Hospitality Sector Braces For Rs 7400 Cr Power Bill Amid Scorching Heat

Extreme heat is not just a comfort crisis, it is creating an energy cost crunch across India’s hospitality sector
As heatwaves scorch parts of India this summer, the country’s hospitality sector is grappling with another crisis, soaring electricity bills. A new report by Enlog estimates that power consumption across hotels, hostels and paying guest (PG) accommodations could reach 9.35 billion units during the summer months, nearly 10 per cent higher than last year.
The report found that, at an average tariff of Rs 8 per unit, this translates to a collective spend of over Rs 7,400 crore, a sharp increase from Rs 6,800 crore in 2024. For hotels, hostels, and paying guest accommodations, this surge is eating into operating margins and pushing many to reconsider their energy strategies.
What’s Driving The Energy Spike?
The report said that the answer, unsurprisingly, lies in the heat. Temperatures are climbing toward the 50°C mark in several regions, and cooling systems are working overtime to keep guests comfortable. According to Enlog’s data, the demand for air conditioners and coolers was already 25-30 per cent higher in February and March this year compared to the same months in 2024.
India’s overall electricity demand is expected to peak at 273 GW in June 2025, highlighting the mounting pressure on power systems across sectors. Within the hospitality industry, metro cities are driving a significant share of this surge. Delhi leads the pack, accounting for 25 – 30 per cent of hotel electricity consumption, followed by Hyderabad at 20 – 25 per cent. Mumbai contributes 15 – 20 per cent, with its high humidity levels intensifying the need for cooling. Bangalore, owing to its relatively moderate climate, records a lower share at 10 – 15 per cent.
Together, these cities reflect a sharp northward trend in energy consumption, especially for services like cooling, refrigeration, and water heating.

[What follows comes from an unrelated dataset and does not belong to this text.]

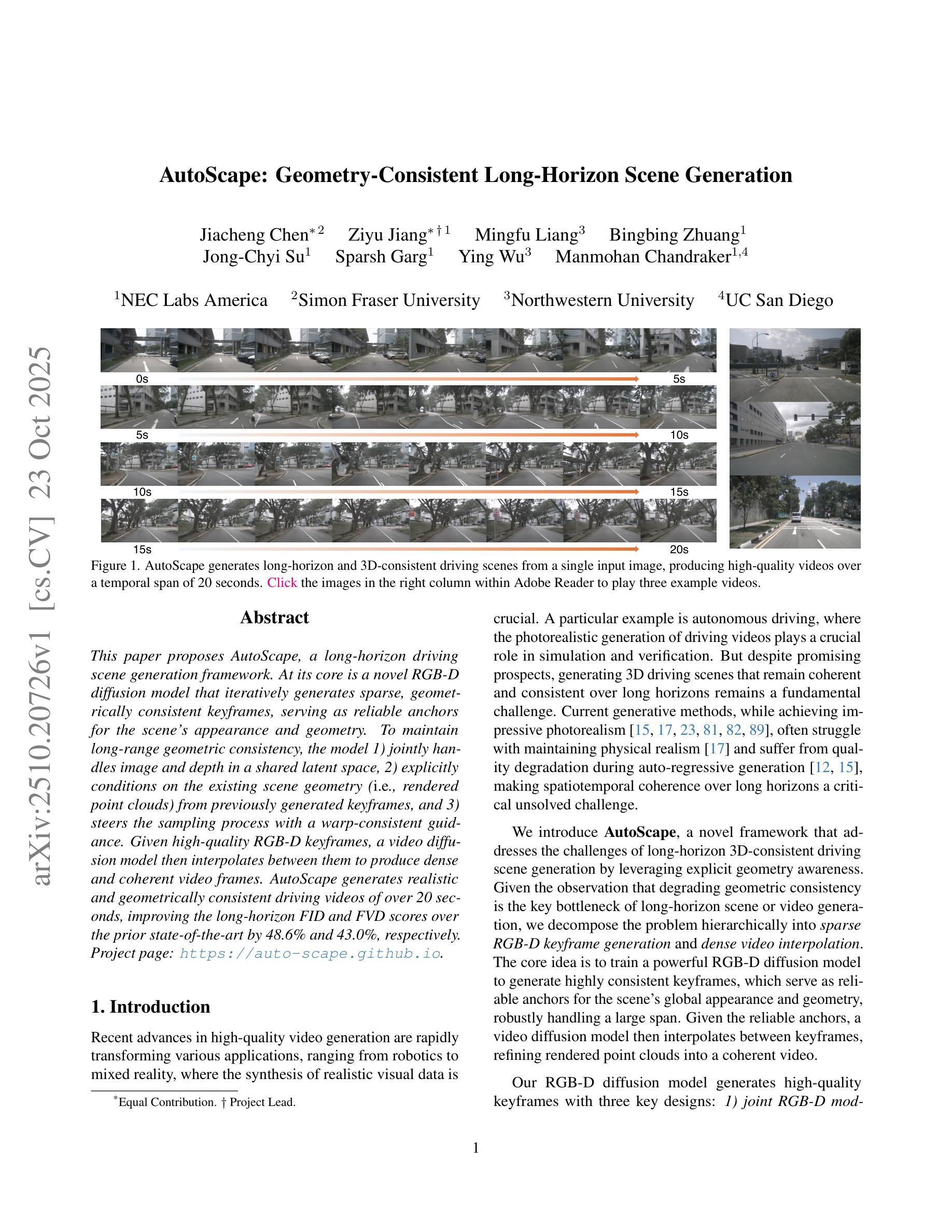 本文提出了AutoScape框架,一个用于长远视距驾驶场景生成的框架。其核心是一个新颖的RGB-D扩散模型,该模型可迭代生成稀疏且几何一致的关键帧,为场景外观和几何提供可靠锚点。通过联合处理图像和深度信息,显式条件化现有场景几何,以及用warp一致性指导采样过程来保持长距离几何一致性。给定高质量RGB-D关键帧,视频扩散模型会在它们之间进行插值,生成密集且连贯的视频帧。AutoScape可生成超过20秒的逼真且几何一致的驾驶视频,相较于现有技术,其长距离FID和FVD得分分别提高了48.6%和43.0%。

How Much Are Hotels Spending?
The spike in consumption is translating directly to soaring electricity bills. A mid-sized 30-room hotel in a high-tariff city like Delhi or Mumbai could be looking at Rs 1.5 to 3 lakh per month, while a 50-room property might pay Rs 2.5 to 5 lakh per month during the peak summer stretch.
These figures exclude additional costs like fuel for diesel generators, which many properties rely on due to erratic grid supply. According to Enlog, backup generator use can add Rs 50,000 to Rs 1 lakh to monthly operational expenses.
The impact does not stop at hostels. PGs and hostels – especially those in dense urban clusters like Delhi NCR – are also feeling the heat. The report found that many are paying Rs 30,000 to Rs 50,000 more each month for electricity. Generator fuel costs, typically between Rs 10,000 – Rs 20,000, pile on top of that.
For such properties, unreliable power supply does not just affect the bottom line – it affects customer satisfaction. “Frequent outages and poor cooling can lead to tenant complaints, bad reviews, and even loss of residents to better-managed buildings,” notes the report.
Is There A Way Out?
For the hospitality industry, tackling this challenge means rethinking energy consumption holistically. Many players are exploring smart thermostats and occupancy sensors to optimise air conditioning usage, while others are investing in solar rooftops and battery storage to reduce their reliance on the grid. Upgrading to energy-efficient appliances – particularly ACs and refrigeration systems – is also gaining traction, alongside partnerships with energy management firms to cut wastage and enable real-time monitoring of electricity usage.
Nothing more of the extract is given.